* **Work to be completed**
Only an exact copy of the entries, stripped of pictures, will serve as the answer.

Stored data

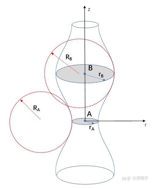 在A點,z方向上產生了負曲率(半徑RA),而r方向上,由于半徑變小,曲率變大。也就是說,A點上的曲率變化產生了兩個效果:
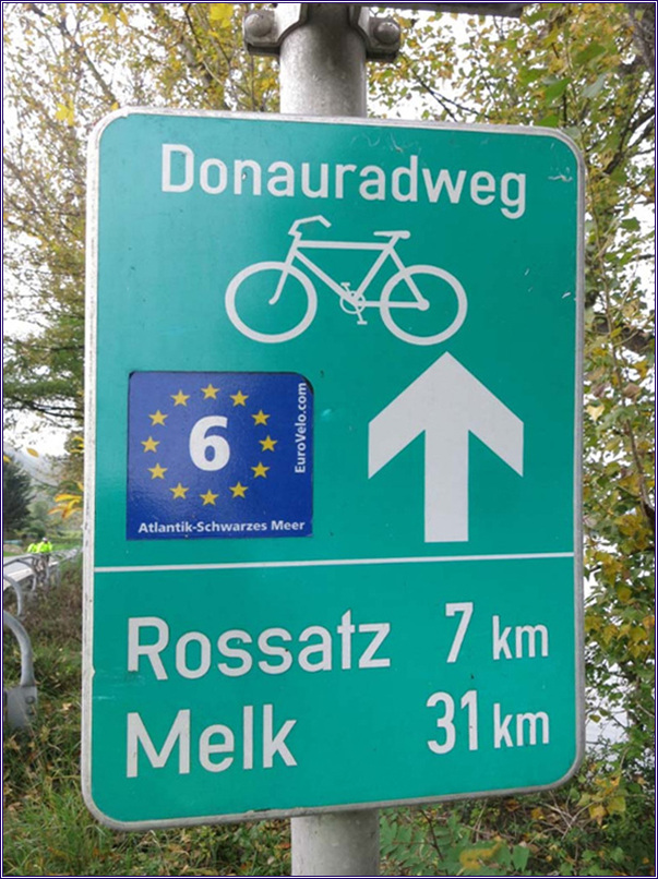 남쪽 강변 내가 달린 자전거 길은 EuroVello 6라는 이름의 자전거 길이었는데 내가 그동안 유럽에서 달린 자전거 길 중에 제일 잘 되어있는 자전거 길이었다. 표지판도 단연 제일이었다. 북쪽 강변에는 자전거 길이 없을 것 같다. 자전거 길이 강 양쪽에 모두 있을 필요가 없기 때문이다. 북쪽 강변에도 자전거 길이 있고 오늘 그 길을 달렸더라면 남쪽 강변에 EuroVello 6 같은 좋은 자전거 길이 있다는 것을 모르고 Melk까지 갔을 것이다.
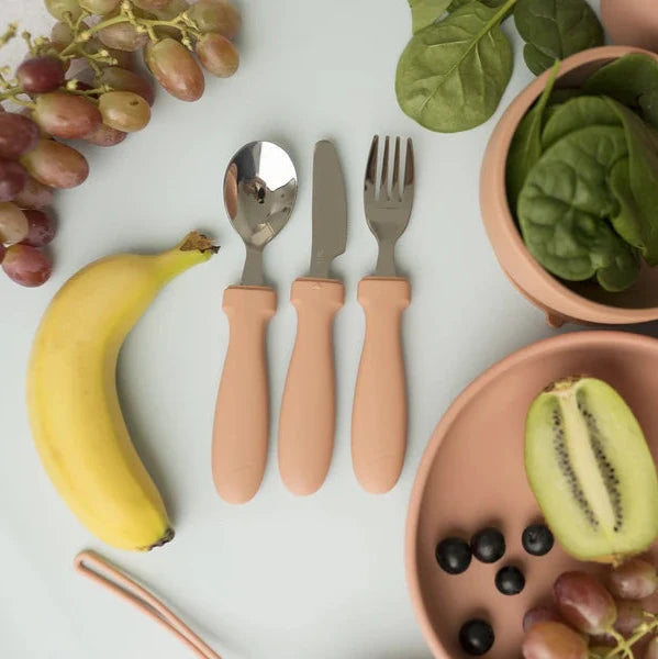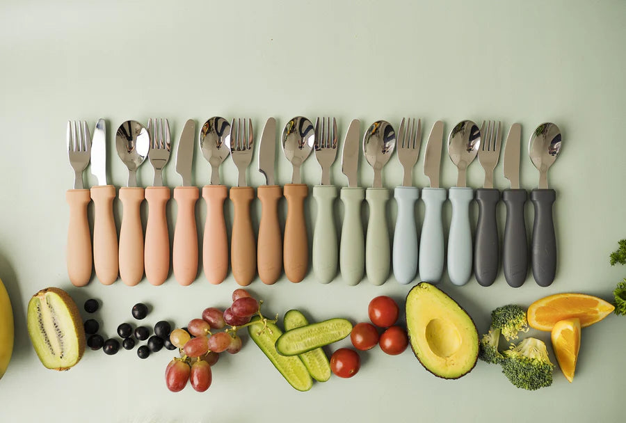 Ash & Co’s Three Piece Cutlery Set is the best switch from baby's cutlery to adult cutlery. The handles are made with 100% food grade silicone, grippy, and specifically created for small hands. The tops are made from 304 stainless steel and rounded to help protect young mouths.
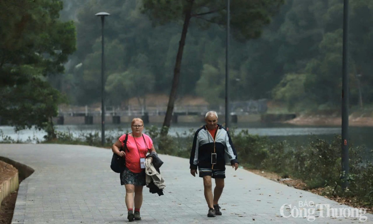 | Gia đình du khách nước ngoài tản bộ trên những cung đường xanh mát |
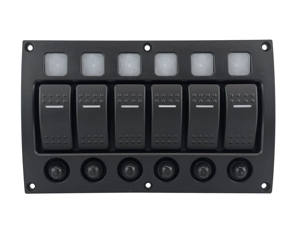 Water resistant curved switch panels with illuminated contura syle rocker switches and manual reset circuit breakers.
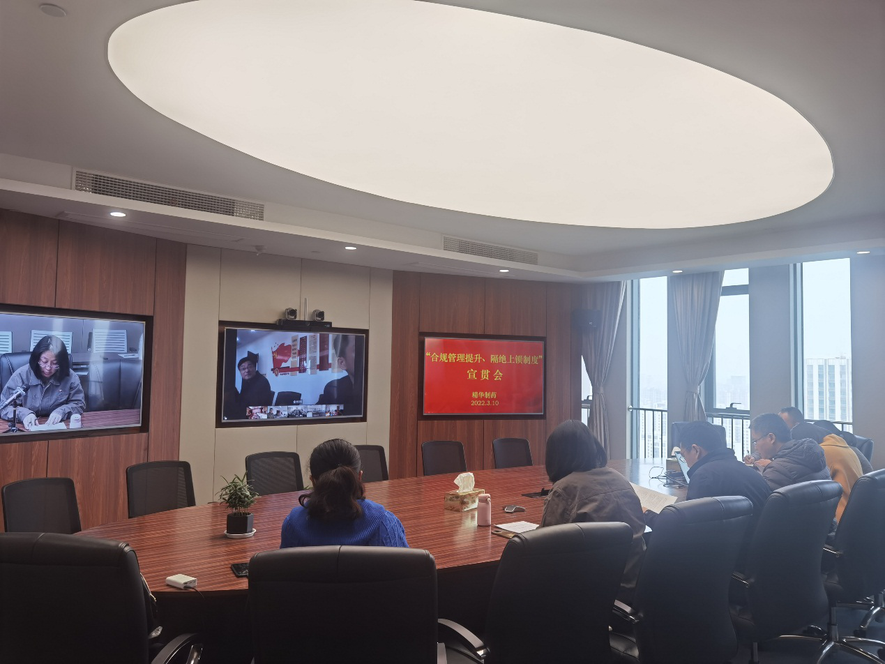 3月10日,精華制藥集團在總部大樓24層視頻會議室召開《關于開展合規管理提升年活動的通知》及《檢維修能量隔絕上鎖掛牌制度》的宣貫會。各分、子公司生產分管負責人、質量分管負責人、安全分管負責人、生產部門負責人、質量部門負責人、安全部門負責人及相關人員視頻參會。

* **Output of the exercise**
 在A點,z方向上產生了負曲率(半徑RA),而r方向上,由于半徑變小,曲率變大。也就是說,A點上的曲率變化產生了兩個效果:
 남쪽 강변 내가 달린 자전거 길은 EuroVello 6라는 이름의 자전거 길이었는데 내가 그동안 유럽에서 달린 자전거 길 중에 제일 잘 되어있는 자전거 길이었다. 표지판도 단연 제일이었다. 북쪽 강변에는 자전거 길이 없을 것 같다. 자전거 길이 강 양쪽에 모두 있을 필요가 없기 때문이다. 북쪽 강변에도 자전거 길이 있고 오늘 그 길을 달렸더라면 남쪽 강변에 EuroVello 6 같은 좋은 자전거 길이 있다는 것을 모르고 Melk까지 갔을 것이다.
 Ash & Co’s Three Piece Cutlery Set is the best switch from baby's cutlery to adult cutlery. The handles are made with 100% food grade silicone, grippy, and specifically created for small hands. The tops are made from 304 stainless steel and rounded to help protect young mouths.
 | Gia đình du khách nước ngoài tản bộ trên những cung đường xanh mát |
 Water resistant curved switch panels with illuminated contura syle rocker switches and manual reset circuit breakers.
 3月10日,精華制藥集團在總部大樓24層視頻會議室召開《關于開展合規管理提升年活動的通知》及《檢維修能量隔絕上鎖掛牌制度》的宣貫會。各分、子公司生產分管負責人、質量分管負責人、安全分管負責人、生產部門負責人、質量部門負責人、安全部門負責人及相關人員視頻參會。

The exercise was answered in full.